Principal investigator: Yesenia Aponte-Meléndez is a postdoctoral fellow at NYU Behavioral Science Training in Drug Abuse Research Program and an early-stage investigator at CUNY Graduate School of Public Health and Health Policy. Her research areas include substance use, HIV, HCV, women and prescription opioids use, and mHealth. She has worked on multiple NIH/NIDA mixed methods studies on substance use, HIV/HCV, and technology-based interventions for people who use drugs.

Effects of State-Level Eviction-Limiting Policies on Overdose Mortality in the US, 1999–2015

Rising rates of eviction and other forms of housing insecurity in the last several decades are hypothesized underlying drivers of the overdose epidemic and especially its racially inequitable impacts, yet the policy response to the epidemic has primarily focused downstream. There is a dearth of research on the effects of housing policies on overdoses, limiting the ability to implement evidence-based policy in this area. Over the course of the 2000s and 2010s, U.S. states experimented with several eviction-limited policies, including disallowing evictions processed in small claims court (as opposed to regular state court) and prohibiting landlord retaliation in response to a tenant pre-emptively resisting eviction. We propose to evaluate effects of these two policies on overdose deaths, overall and by race, ethnicity, and type of substance (opioid vs. stimulant) involved. We will use CDC vital statistics data on overdose deaths, along with novel difference-in-differences estimators developed by the principal investigator, which can properly adjust for time-varying covariates possibly affected by earlier exposure (one likely such covariate in this setting is state-level eviction rates).
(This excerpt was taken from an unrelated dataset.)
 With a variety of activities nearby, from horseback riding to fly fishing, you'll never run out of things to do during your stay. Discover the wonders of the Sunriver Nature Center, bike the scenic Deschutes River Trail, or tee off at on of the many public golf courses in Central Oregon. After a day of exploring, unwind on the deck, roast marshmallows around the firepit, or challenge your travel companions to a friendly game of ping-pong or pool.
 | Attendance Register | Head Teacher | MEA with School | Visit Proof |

As pandemic-era eviction protection policies expire or are rolled back, eviction rates have increased, and governments are increasingly considering eviction-limiting legislation. Thus, the proposed research has the potential to support advocacy efforts and inform evidence-based decisions in this area.
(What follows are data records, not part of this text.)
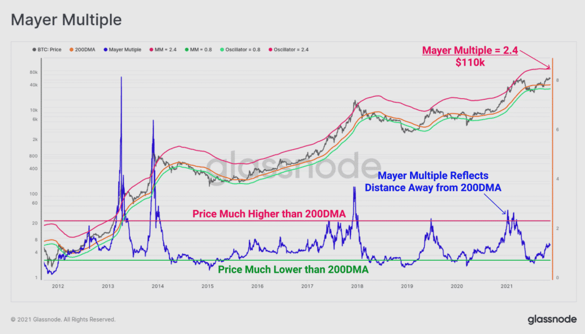 Mayer Multiple je prvým nástrojom spomenutým v správe, ktorá bola vydaná v pondelok. Popisuje sa ako „jednoduchý, ale efektívny pomer medzi cenou a 200 DMA” (200-dňový kĺzavý priemer). Mayerov násobok používa štatistické metódy na preukázanie, že hodnota 2,4 Mayerovho násobku bude odrážať nepravdepodobný extrém. V tomto scenári sa cena z dlhodobého hľadiska zvýšila 2,4-krát.
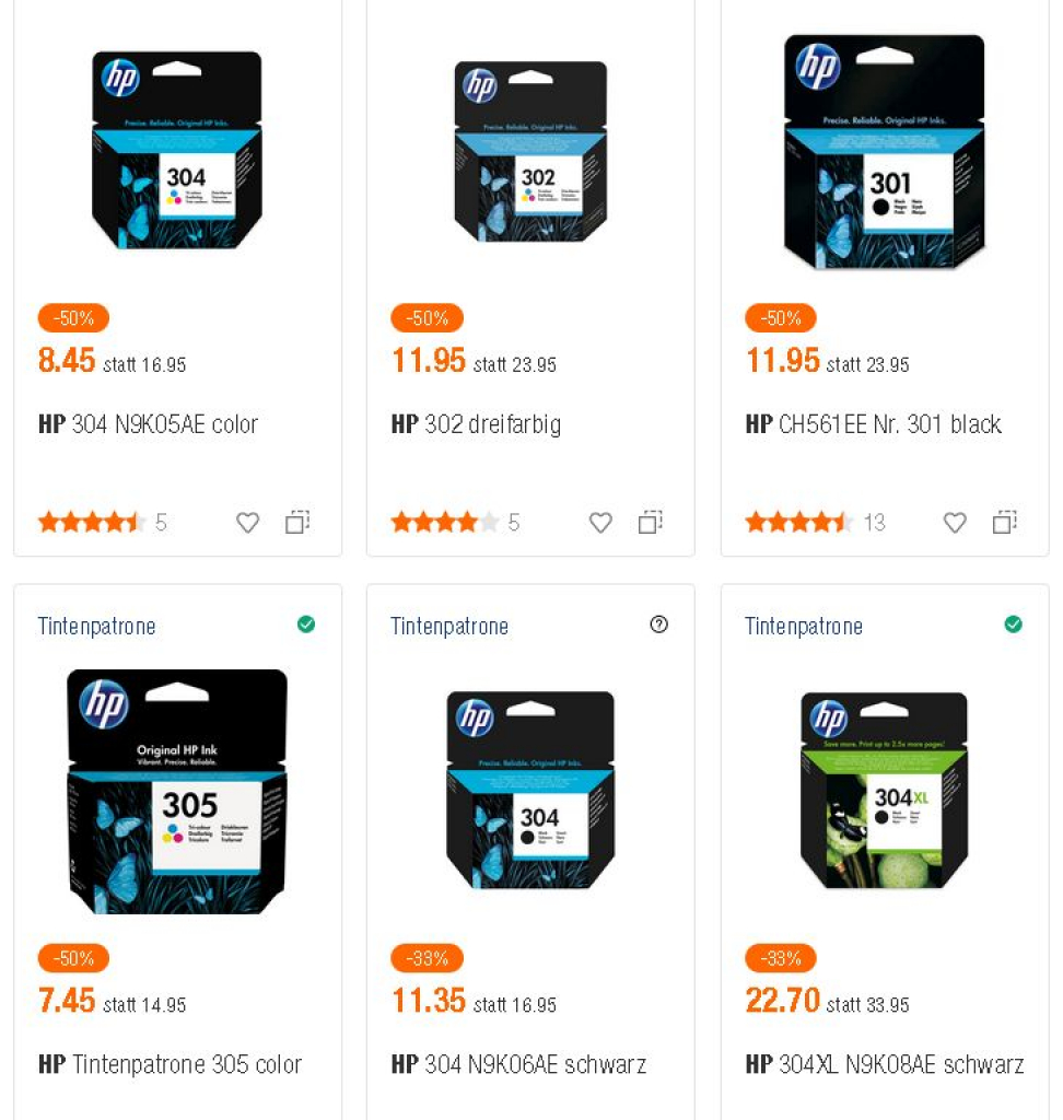 HP Tintenpatronen 33% bis 50% Rabatt!
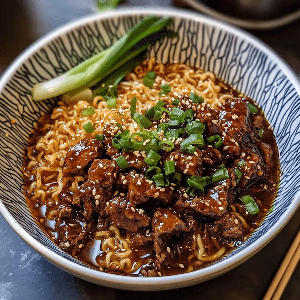 This recipe has quickly become a go-to in my kitchen. The first time I made it, I couldn’t believe how simple yet delicious it was. As the beef slowly simmers in the crockpot, the whole house fills with the mouthwatering aroma of garlic, soy sauce, and spices. When it’s time to serve, the crispy ramen adds a playful contrast, making it the perfect texture combination.
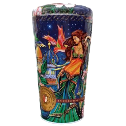 Chelton wazon Szeherezada to 100% czystej cejlońskiej czarnej i zielonej (FBOP i PEKOE) z plantacji prowincji Dimbula i Uda Pussellawa z olejkami truskawki, płatkami kandelupy szecherezada, malwy, jaśminu i róży. Ta wysokiej jakości herbata została zamknięta w estetycznej puszce z motywem głównej bohaterki “Księgi tysiąca i jednej nocy”, która może stanowić praktyczny pojemnik oraz ciekawą ozdobę.
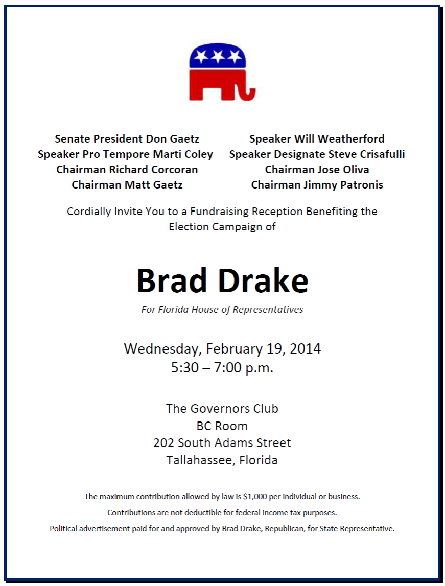 At 5:30, a reception honoring former Rep. Brad Drake will be at the BC Room of the Governor’s Club. Drake is seeking to return to represent House District 5, which covers Holmes, Jackson, Walton and Washington Counties and parts of Bay County.
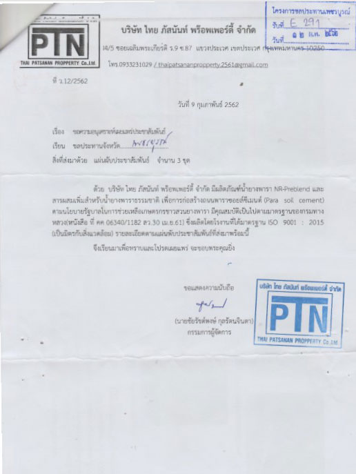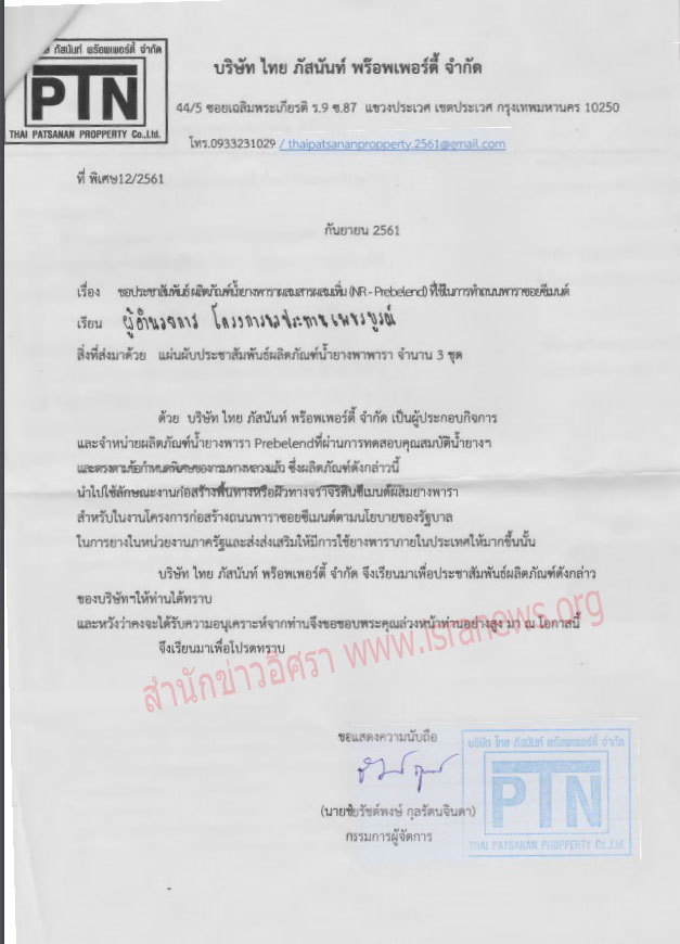 ในช่วงเดือนก.ย.2561 บริษัท ไทย ภัสนันท์ พร๊อพเพอร์ตี้ จำกัด ได้ทำหนังสือแจ้งประชาสัมพันธ์เสนอขายผลิตภัณฑ์น้ำยางพาราผสมสารผสมเพิ่ม ที่ใช้ในการทำถนนยางพาราซอยซีเมนต์ ต่อหน่วยงานราชการหลายแห่ง โดยอ้างว่า เป็นผู้ประกอบกิจการและจำหน่ายผลิตภัณฑ์น้ำยางพารา ที่ผ่านการทดสอบคุณสมบัติน้ำยาง ตรงตามข้อกำหนดของ กรมทางหลวง (ดูเอกสารประกอบ http://ridceo.rid.go.th/petboon/idea/e1735-61.pdf)

Audrey Renson, MPH, PhD, is an assistant professor of epidemiology in NYU Langone’s Department of Population Health. She is 100 percent funded by Beyond Bridges, a multisectoral partnership to develop a community-clinical linkage model to improve population health and health equity in Brooklyn. Her work in Beyond Bridges involves evaluating the causal effects of community health worker interventions and other efforts to address the social determinants of health within healthcare. Her research also involves developing new causal inference methods at the intersection of econometrics and epidemiology, and applying these approaches to estimating effects of social policies on population health and health equity. Prior to joining NYU Langone, Dr. Renson completed her PhD in epidemiology (minor in biostatistics) at UNC-Chapel Hill, where her dissertation focused on advancing difference-in-differences methods and estimating effects of minimum wages on racial inequities in cardiovascular disease.